Sitting patiently on my seat, I saw a few birds drop in but, annoyingly, they failed to land. Several crows came to investigate, followed by some jackdaws. A good barometer of our hide, they were oblivious to our presence and appeared to reassure the pigeon, which started to drop into our pattern. Some were out of range and others were ferals acting as natural decoys. In order not to confuse them with racing pigeon we left them alone. The woodies, however, soon started to appear within the safe and effective arc of fire.
The pigeon landed. Instinctively, it looked around and this presented Frank with his favoured head shot. A small target with a load of tangents to go wrong, with a .177 accuracy is everything. Experience has taught him that the alternative shots still require the same level of marksmanship. A frontal shot just below the neck may have resulted in hitting the bird’s crop. If it had had a good day feeding, there would have been a bag of grain to absorb the pellet’s energy. The feathers then turn into armour, deflecting the pellet’s energy and effectiveness. It’s only when cutting open the crop, that you really appreciate just how much damage a flock of woodies can do to a farmer’s field.
Where to place the shot
Many favour a chest/heart shot, wanting to drop the bird on the spot, but this is the same area-wise as the head. Shooting side-on through the wing into the heart is another option, but the wings and the bones in the wing could deflect the pellet. Frank reiterated that if you know your animal and its anatomy, your own and your rifle’s limitations, you will know where to place the shot accurately.
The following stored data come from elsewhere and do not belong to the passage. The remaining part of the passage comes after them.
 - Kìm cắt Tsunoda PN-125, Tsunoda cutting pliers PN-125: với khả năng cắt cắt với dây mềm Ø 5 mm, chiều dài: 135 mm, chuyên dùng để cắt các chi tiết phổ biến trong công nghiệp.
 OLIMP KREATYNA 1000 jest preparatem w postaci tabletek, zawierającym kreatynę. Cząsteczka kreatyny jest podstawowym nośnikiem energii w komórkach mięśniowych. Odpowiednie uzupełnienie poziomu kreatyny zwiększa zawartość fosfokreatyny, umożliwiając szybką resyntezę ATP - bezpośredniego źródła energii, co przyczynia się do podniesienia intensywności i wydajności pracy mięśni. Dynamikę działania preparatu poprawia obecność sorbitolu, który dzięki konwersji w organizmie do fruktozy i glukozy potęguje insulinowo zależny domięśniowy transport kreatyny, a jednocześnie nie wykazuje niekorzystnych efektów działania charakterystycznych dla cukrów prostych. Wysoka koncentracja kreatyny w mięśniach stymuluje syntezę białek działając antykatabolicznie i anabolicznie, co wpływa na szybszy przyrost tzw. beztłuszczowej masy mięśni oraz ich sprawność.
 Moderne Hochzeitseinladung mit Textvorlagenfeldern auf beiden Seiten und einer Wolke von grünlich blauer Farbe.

Sage words from an experienced shot. We were trying to shoot a pigeon’s head (the size of a 50p piece) with a single 7.9-gr projectile weighing in at .547g and 4.5mm wide, as opposed to using a size 6, 30g cartridge containing 286 pellets making up a pattern of roughly 25in to 30in.
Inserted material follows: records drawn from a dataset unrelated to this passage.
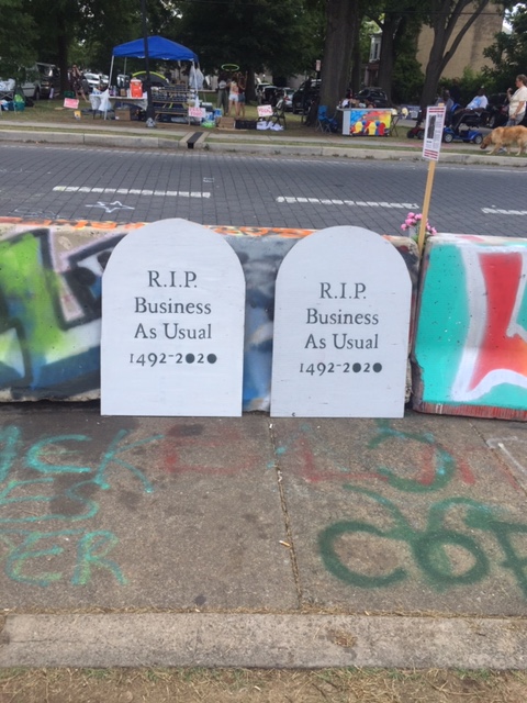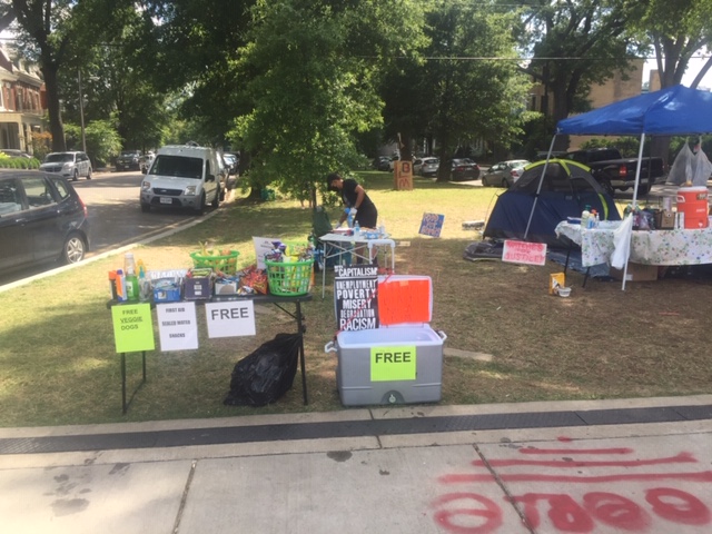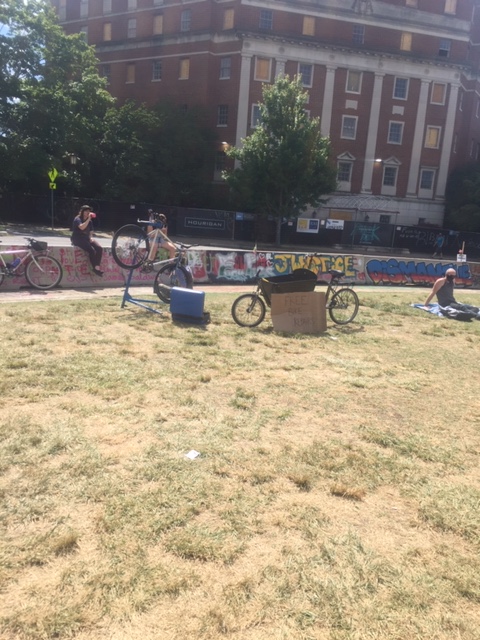 On the outskirts of the park, on surrounding corners and fanning out down the intersecting streets are mutual aid stations – water, food, first aid, even a booth registering voters. In the park itself, in addition to the memorials and tributes, is a free bike repair station as well as a free little library. Community for and by the community.
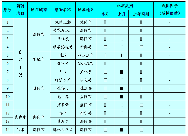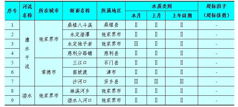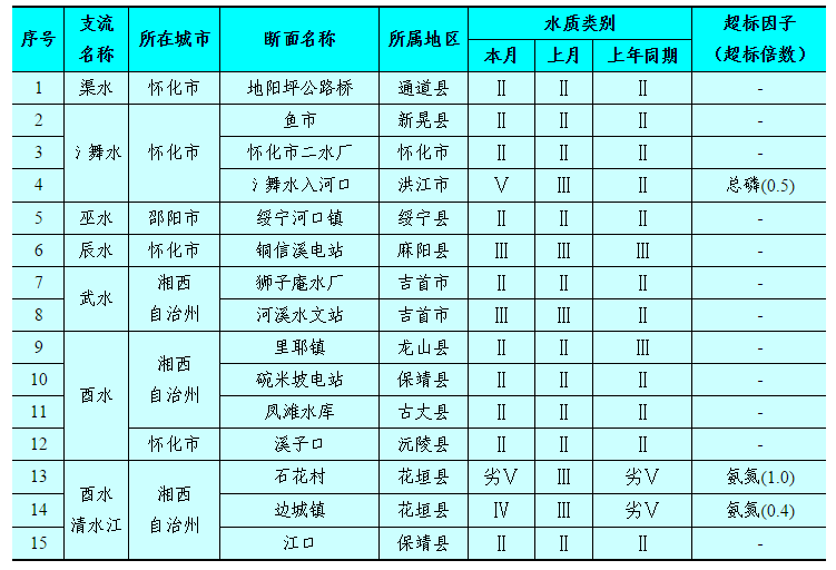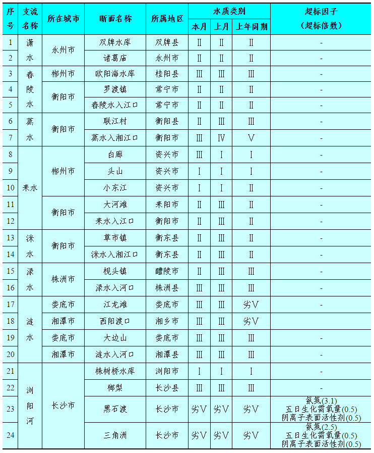 四水流域:湘江流域水质总体为优。干、支流42个省控断面中,Ⅰ~Ⅲ类水质断面40个,占95.2%;劣Ⅴ类断面2个,占4.8%。干流18个省控断面水质均符合或优于Ⅲ类标准。支流浏阳河黑石渡和三角洲断面水质均属劣Ⅴ类,污染指标为氨氮、总磷、化学需氧量、五日生化需氧量、阴离子表面活性剂和溶解氧。资江流域水质总体为优。干、支流14个省控断面水质均符合或优于Ⅲ类标准,Ⅰ~Ⅲ类水质比例为100%。沅江流域水质总体为良。干、支流25个省控断面中,Ⅰ~Ⅲ类水质断面21个,占84.0%;Ⅳ类和Ⅴ类水质断面各1个,占4.0%;劣Ⅴ类水质断面2个,占8.0%。干流入境托口断面属劣Ⅴ类水质,污染指标为总磷;支流氵舞 水的入河口断面水质属Ⅴ类,污染指标为总磷;酉水清水江的石花村和边城镇断面水质分别属劣Ⅴ类和Ⅳ类,污染指标为氨氮。澧水流域水质总体为优。干、支流9个省控断面水质均符合或优于Ⅲ类标准,Ⅰ~Ⅲ类水质比例为100%。
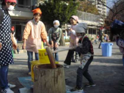 思いきねをもって「よいしょ」。みんなに応援されながらつくことができました。楽しいな。つき手のお父さんも頑張ってくれています。
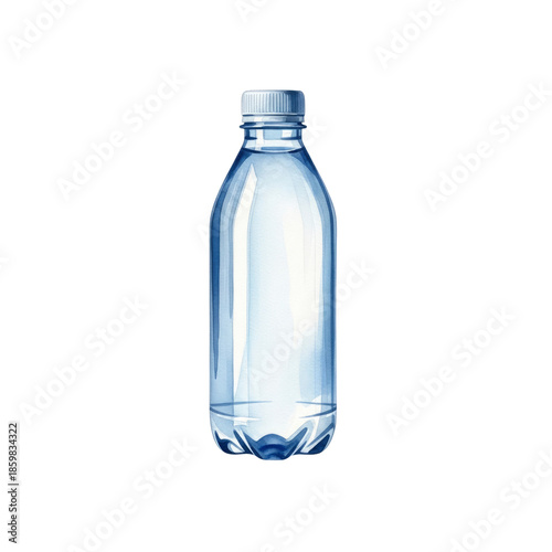 water bottle, watercolor, illustration, plastic, drink, liquid, refreshment, clear, transparent, still life, isolated
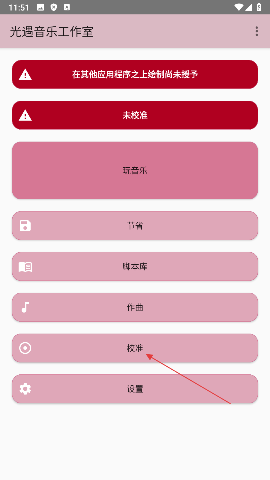 1、在光遇音乐工作室界面,点击【校准】,进入校准设定页面。
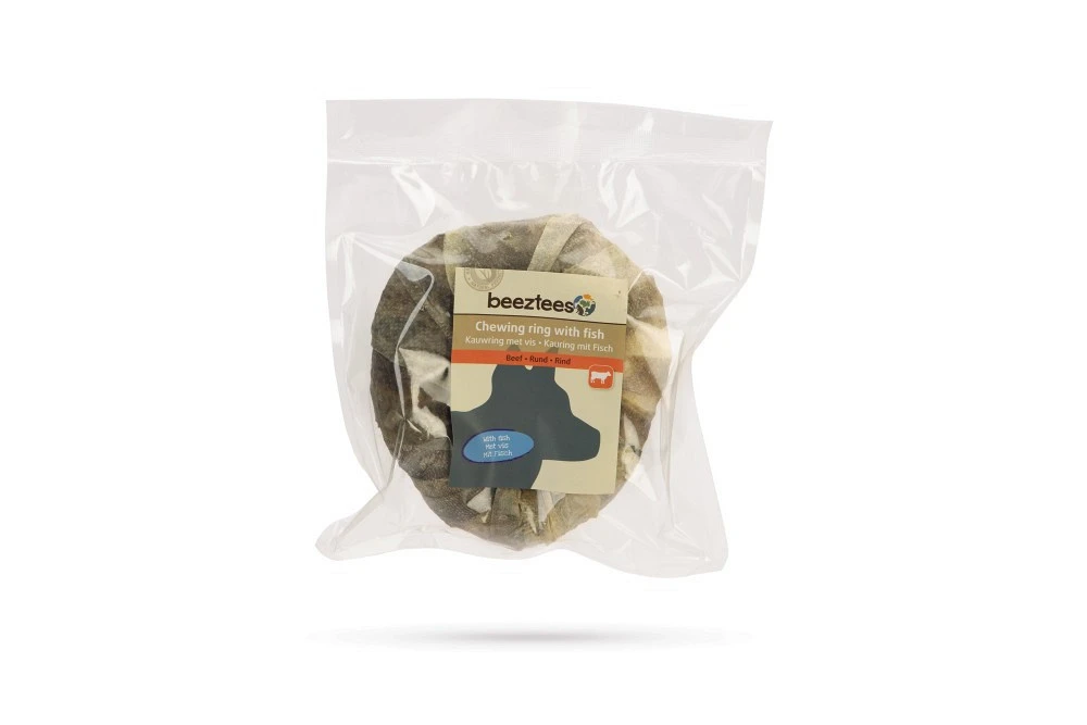 Lekkere kauwsnack in de vorm van een ring, met rund en vis.
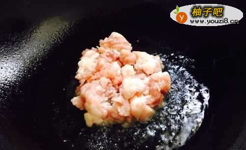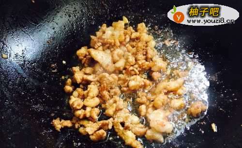 2接下来开火,锅烧热加入少许油,油热了后把肉沫倒进去翻炒,翻炒至肉沫发白后加入姜蒜末一起煸香。
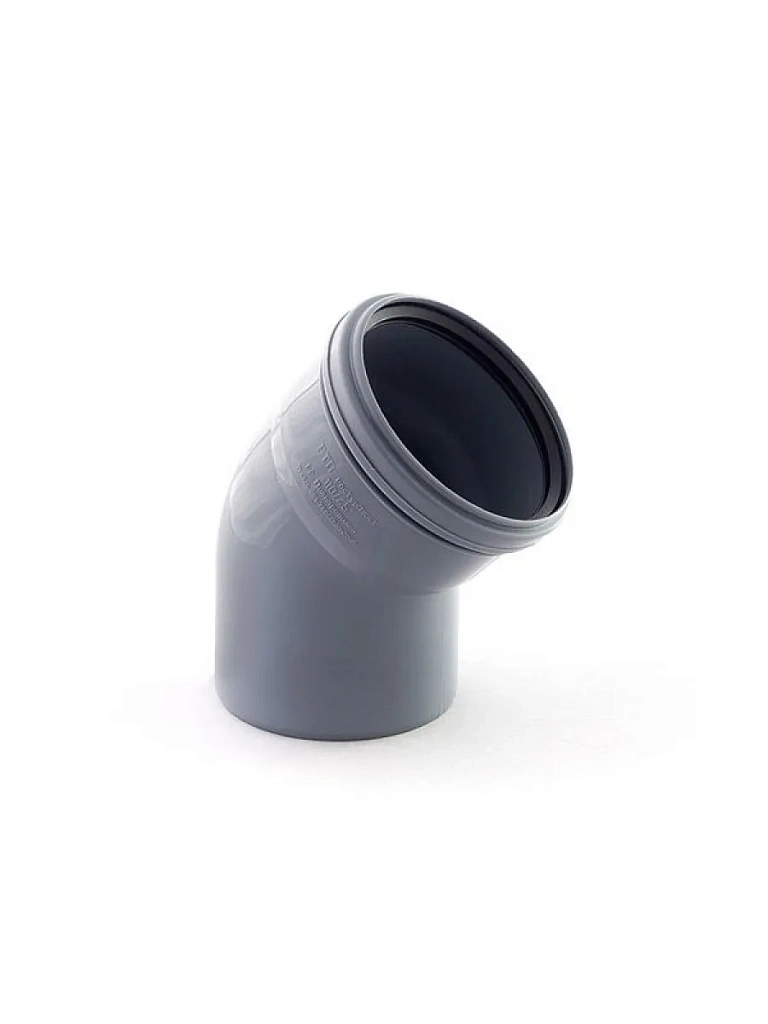 Отвод канализационный предназначен для изменения поворота канализационного трубопровода на угол 15, 30, 45, 67,5 и 87 градусов.

Unfortunately, the shot birds didn’t look natural laying head up in the stubble and soon upset the incoming birds, so Frank’s cocker, Jessie, was sent out to retrieve the birds, which were later added to the pattern. A lone jackdaw made the mistake of being curious and, knowing what that did to the cat, he followed suit with another precisely aimed pellet.
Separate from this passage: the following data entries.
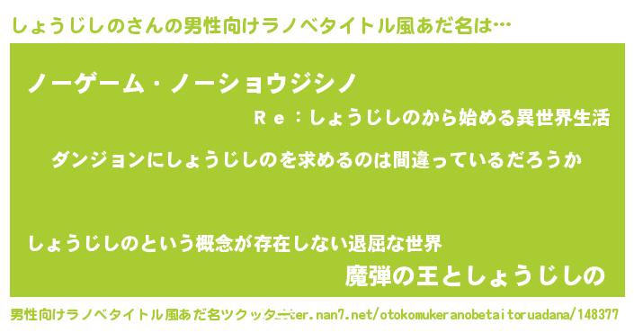 | 女子向けラノベタイトル風あだ名 | 『しょうじしのは平凡を望む』 |
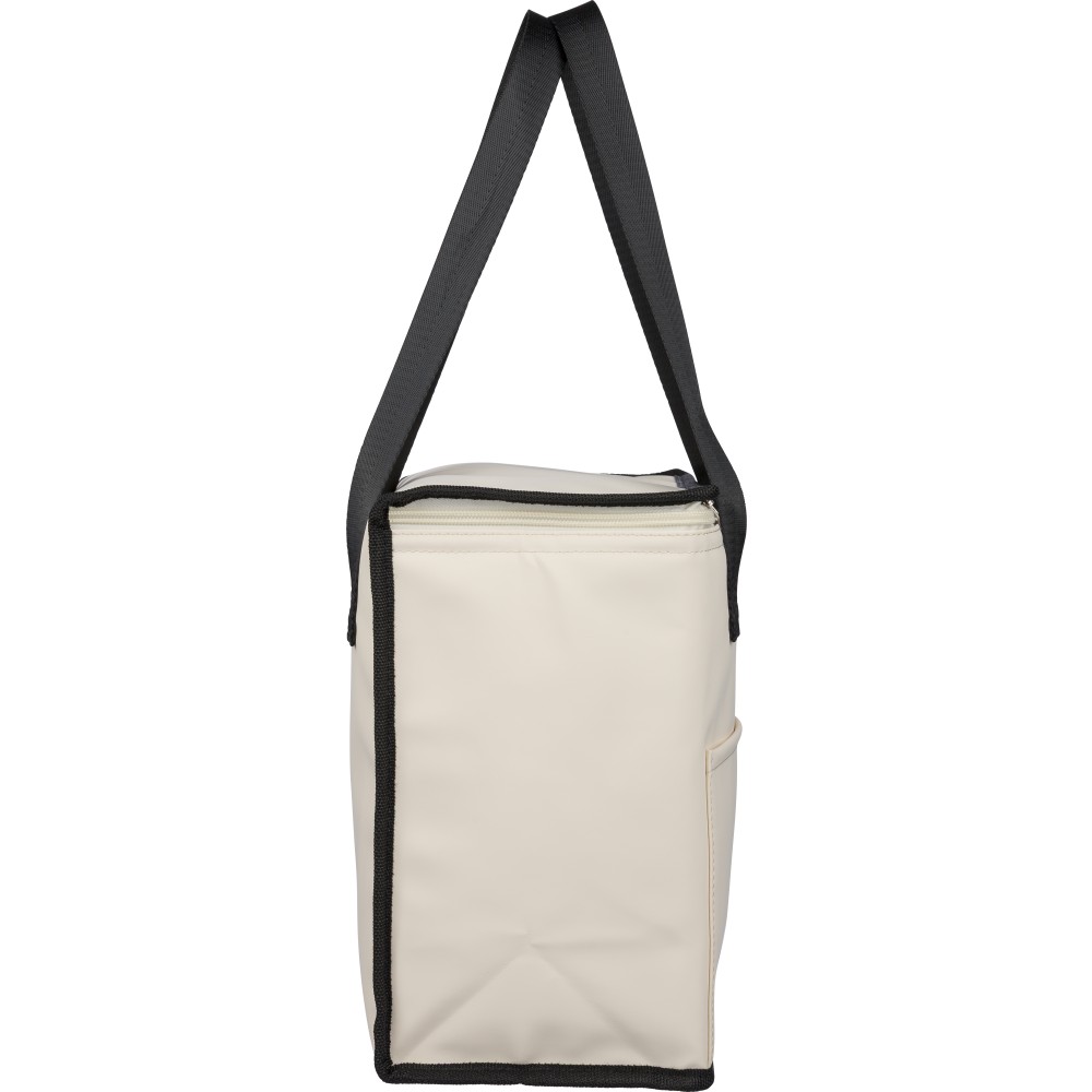 Recycled PU cooler bag (9 L capacity) with 210D recycled polyester lining. Features long carrying handles (2.5 × 66 cm) and a front pocket for additional storage. Includes a small recycled logo inside the label.
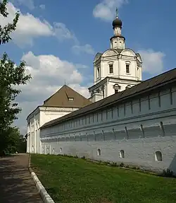 The Old Believers, a persecuted religious minority, were allowed to practice their beliefs in two isolated communities east of the Yauza (Rogozhskoye Cemetery and Preobrazhenskoye Cemetery)[25] beginning in the 1770s. Edinoverie, a moderate branch of Old Believers in communion with the official Orthodox Church, built a large church complex on a high eastern bank of Yauza in Lefortovo (55°45′27″N 37°40′49″E / 55.75750°N 37.68028°E).
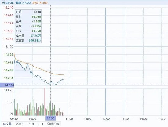 1月5日开盘,长城汽车A股、H股一同低开低走。H股盘中更是一度大跌7.28%。截至收盘,长城汽车A股下跌1.46%,H股下跌6.15%。
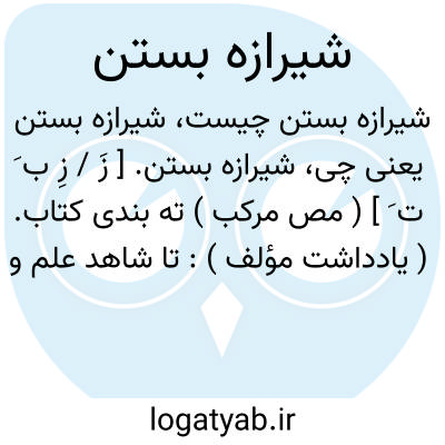 شیرازه بستن. [ زَ / زِ ب َ ت َ ] ( مص مرکب ) ته بندی کتاب. ( یادداشت مؤلف ):
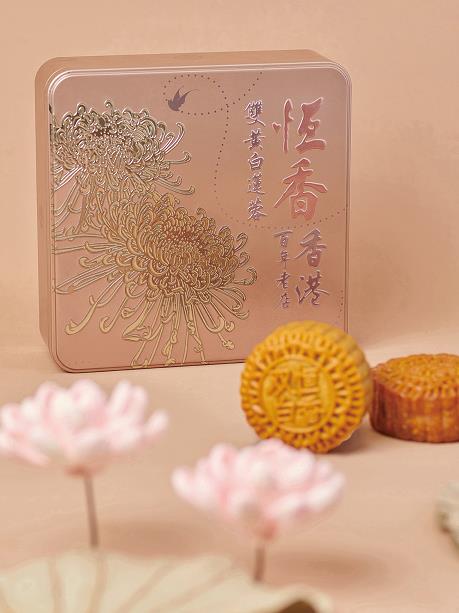 品牌最經典的月餅必數雙黃白蓮蓉月餅,飽滿圓潤的月餅用頂級湘潭貢蓮製成,由擁有四十多年經驗的老師傅以古法銅鑊炒煮的方式手工製作,以便保存純正蓮蓉的清、甜、香,今年月餅盒並換上高雅的玫瑰金色。流心奶黃月餅是港人喜愛的新派月餅之選,品牌的流心奶黃月餅以吉士奶香配上牛油曲奇皮,秘製奶黃餡夾著甘香幼細鹹蛋黃碎,翻熱後流心更細緻幼滑,甜中帶鹹。而月餅盒則為全新設計,以中式燙金窗櫺嵌於月亮剪影之中,由一對玉兔遙望窗外明月,洋溢中秋氣氛。

A few crows started to mob the turbo flapper in a scene reminiscent of Alfred Hitchcock’s The Birds. We waited with bated breath to see whether any would land – and they did. This highlighted just how well we morphed into our surroundings as these wary corvids were unaware of our presence. This gave us the opportunity to bag a few woodies.
The conundrum as we left was whether we would have shot more with a shotgun? Well, the hide would not have been as good and we wouldn’t have been as quiet, but we might possibly have shot the passing pigeon that were within range. But it was refreshing to go out with someone who is driven not by big bags but by the chance to use the hunter-gatherer skills of the countryman. In this modern age, the one piece of equipment we used cannot be bought or sold: fieldcraft. Without fieldcraft you can have all the gear but still have no idea.